While Edelstein plans to challenge former PM, both have an interest in holding the leadership contest sooner rather than later, in a bid to deter other contenders
By TOI STAFF 5 November 2021,
Head of opposition and head of the Likud party Benjamin Netanyahu with Likud MK Yuli Edelstein during a plenum session and a vote on the state budget in the Knesset on November 4, 2021. (Yonatan Sindel/Flash90)
Likud chairman Benjamin Netanyahu and senior party lawmaker Yuli Edelstein, who has said he plans to challenge the long-time party leader, have agreed to work together in order to have their faction’s primaries moved up to as soon as the beginning of 2022, Channel 12 reported Friday.
Netanyahu and Edelstein reportedly met in the opposition chairman’s Knesset office on Wednesday night, a somewhat surprising sit-down, given that Edelstein last month announced his intention to challenge Netanyahu for the party leadership, insisting that Likud would not be able to return to power, so long as its current chairman remained at the helm.

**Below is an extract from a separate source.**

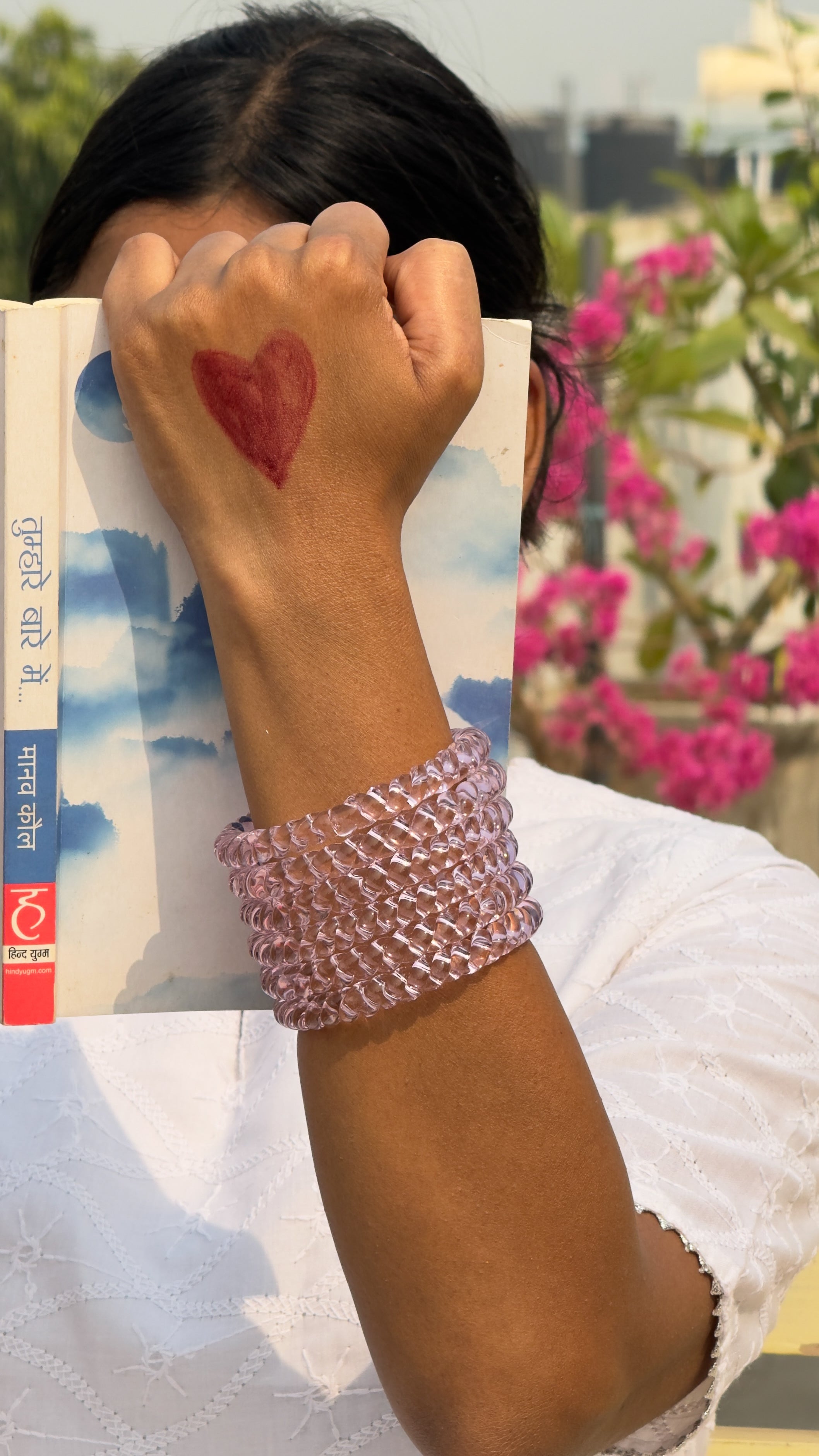 Wear them: stacked 8-10 deep for full rose-garden effect. Mixed with pearls and gold for bridal elegance. With silver for cool-toned sophistication. Over white, cream, pastels, or even denim. At mehendi ceremonies, morning pujas, garden parties, or your daily chai ritual—anywhere softness belongs.

The meeting lasted for over an hour and was characterized as positive, according to Channel 12. While the two will ostensibly be running against one another, they agreed to cooperate in order to limit the competition, the report said.
Netanyahu is believed to be interested in holding primaries as soon as possible because doing so would secure his leadership of the party until the end of the next Knesset term.
Dissent in the party is expected to grow the longer they remain in opposition, something that looks like being for a significant amount of time after Netanyahu failed to stop the coalition from passing a budget this week.
This will likely see additional lawmakers emboldened to declare their candidacy, so Netanyahu would ostensibly prefer to hold primaries before that happens.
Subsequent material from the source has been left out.